Revenue & Customs issue Business Brief following Robinson Family Limited case

As a result of the Tax Tribunal case of Robinson Family Limited (RFL)1 Revenue & Customs have issued a new business brief which revises their practice in relation to transfer of a business as a going concern (“TOGC”).

The Business Brief notes that RFL is: “A property development company which purchased a 125 year interest in a site owned by Belfast Harbour Commissioners, which it intended to develop into six units and grant sub-leases of these to third parties.”

The dispute between RFL and HMRC in the end concerned one unit which RFL had been negotiating to let. There was a restriction imposed by Belfast Harbour Commissioners against any sub-division of the site other than by way of the creation of sub-leases, so rather than sell its interest, RFL granted an interest of 125 years less three days to a purchaser, subject to and with the benefit of the proposed letting.

HMRC relied solely on the argument that RFL could not have transferred all or part of its business as a going concern, because it did not assign the full term of its lease to the purchaser. HMRC’s approach in the case reflected the guidance set out in the second bullet point in paragraph 6.3 of Notice 700/9 (April 2008), ‘transfer of business as a going concern’ which stated:
“If you own the freehold of a property and grant a lease, even a 999-year lease, you are not transferring a business as a going concern. You are creating a new asset (the lease) and selling it while retaining your original asset (the freehold). This is true regardless of the length of the lease.
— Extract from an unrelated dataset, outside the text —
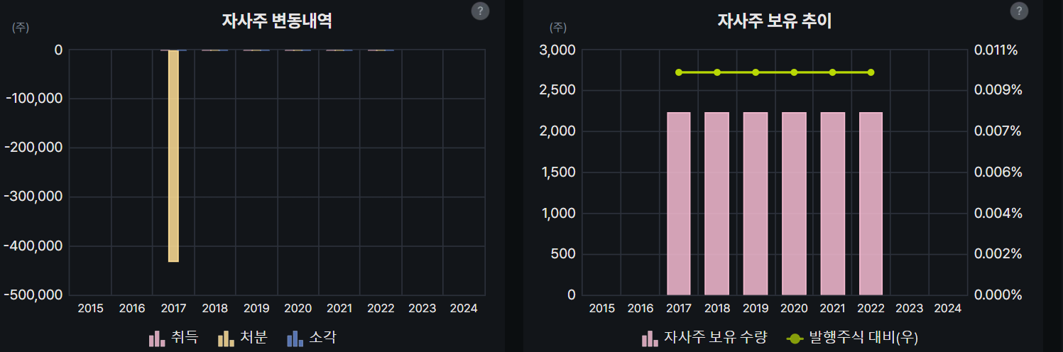 자사주도 2017년 처분한 이후로 따로 취득이 없다

Similarly, if you own a head lease and grant a sub-lease you are not transferring your business as a going concern.”

Although RFL retained the head lease, that distant interest in a three day reversion and the small economic interest which it represented in no way altered the substance of the transaction. The substance of the transaction was to put the transferee business in a position where it was able to continue the previous lettings business of RFL. On this basis, the Tribunal found against HMRC.
When the assets of a business (or part of a business) are transferred as a going concern, subject to certain conditions no supply of those assets takes place for VAT purposes provided that the purchaser has the intention of using those assets to carry on the same kind of business as the seller. This also applies where the business is that of property development or property rental, and the asset sold is the property.

Following the Tax Tribunal case of Robinson Family Limited, the fact that the transferor of a property rental business retains a small reversionary interest in the property transferred does not prevent the transaction from being treated as a TOGC for VAT purposes. As long as the interest retained is small enough not to disturb the substance of the transaction, the transaction will be a TOGC if the usual conditions are satisfied. Revenue & Customs acknowledge that the creation of a new asset (a lease or sub-lease) and the retention of the original asset (the freehold or a superior lease) is not automatically incompatible with TOGC treatment.

Footnotes

([2012] UKFTT 360 (TC), TC02046)

(30/12)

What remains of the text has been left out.